Exploring VQ-VAE with Prosody Parameters for Speaker Anonymization
This work addresses voice privacy for speech processing applications, but it is incremental as it builds on existing VQ-VAE methods with prosody integration.
The paper tackled speaker anonymization by using a VQ-VAE to disentangle and modify speaker identity while preserving linguistic and emotional content, finding it outperforms baselines in emotional preservation but has limited performance on other privacy tasks.

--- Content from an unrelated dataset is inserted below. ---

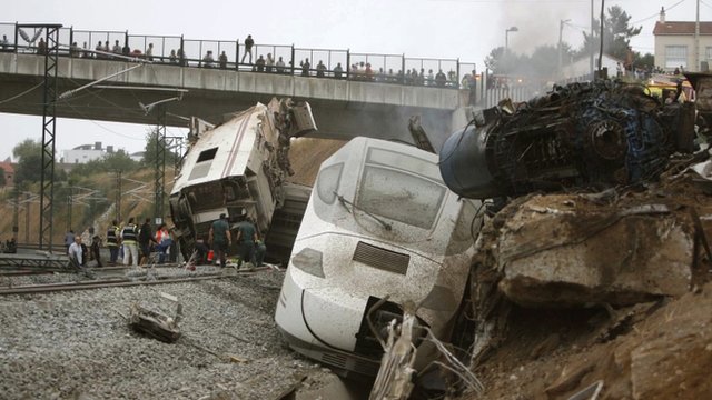 This is a country which has invested huge amounts of money in its rail network, he says. Spain's last major rail disaster was in 1972 when 77 people were killed in a derailment in Andalusia in the south. 'A Dante-esque scene'Railway firm Renfe said the train came off the tracks on a bend about 3 or 4km (2-2.5 miles) from Santiago de Compostela station at 20:41 local time (18:41 GMT). It was on the express route between Madrid and the ship-building city of Ferrol on the Galician coast. Renfe says it and the track operating company Adif are collaborating with a judge appointed to investigate the accident. Government officials said they believed the crash was an accident, but that no statement would be made regarding the cause without a proper investigation. "We are moving away from the hypothesis of sabotage or attack," one unnamed official said. Rescue workers have continued to search for survivors in the wreckage. They have so far recovered 73 bodies from the accident site, while four more people died in hospital, a spokeswoman for Galicia's supreme court said on Thursday. Judges are responsible for registering deaths in Spain. It is not known how many Renfe employees were on board the train. Images from the site showed bodies covered with blankets next to the tracks, as emergency crews searched the wreckage. More than 140 passengers were receiving treatment for a range of light to more serious injuries, a health official told reporters on Thursday morning. Residents flocked to hospitals in the area to donate blood in response to an appeal. Meanwhile, 320 Spanish police officers were deployed to help out the rescue operation. The leader of the regional government Alberto Nunez Feijoo described it as "a Dante-esque scene", in comments to Radio Cadena Ser. One witness, Ricardo Montesco, described how the train carriages "piled on top of one another" after the train hit a curve. "A lot of people were squashed on the bottom. We tried to squeeze out of the bottom of the wagons to get out and we realised the train was burning...I was in the second wagon and there was fire. I saw corpses," he told Spanish Cadena Ser radio station. Several eyewitnesses described the train travelling very fast before it derailed. The derailment happened on the eve of Santiago de Compostela's main annual festival where thousands of Christian pilgrims were expected to flock to the city in honour of Saint James. The city's tourism board said all festivities planned for Thursday have been cancelled. Local journalist Francisco Camino said the region was in shock. "This is a tiny place and nothing happens here, nothing important or tragic," he told the BBC. "We were preparing for the celebrations and now this could turn out to be the worst train crash in many years. Prime Minister Mariano Rajoy, who was born in Santiago de Compostela, convened an emergency ministerial meeting late on Wednesday. He is due to visit the scene of the accident on Thursday. Read more: http://www.bbc.co.uk/news/world-europe-23442018 |

Human speech conveys prosody, linguistic content, and speaker identity. This article investigates a novel speaker anonymization approach using an end-to-end network based on a Vector-Quantized Variational Auto-Encoder (VQ-VAE) to deal with these speech components. This approach is designed to disentangle these components to specifically target and modify the speaker identity while preserving the linguistic and emotionalcontent. To do so, three separate branches compute embeddings for content, prosody, and speaker identity respectively. During synthesis, taking these embeddings, the decoder of the proposed architecture is conditioned on both speaker and prosody information, allowing for capturing more nuanced emotional states and precise adjustments to speaker identification. Findings indicate that this method outperforms most baseline techniques in preserving emotional information. However, it exhibits more limited performance on other voice privacy tasks, emphasizing the need for further improvements.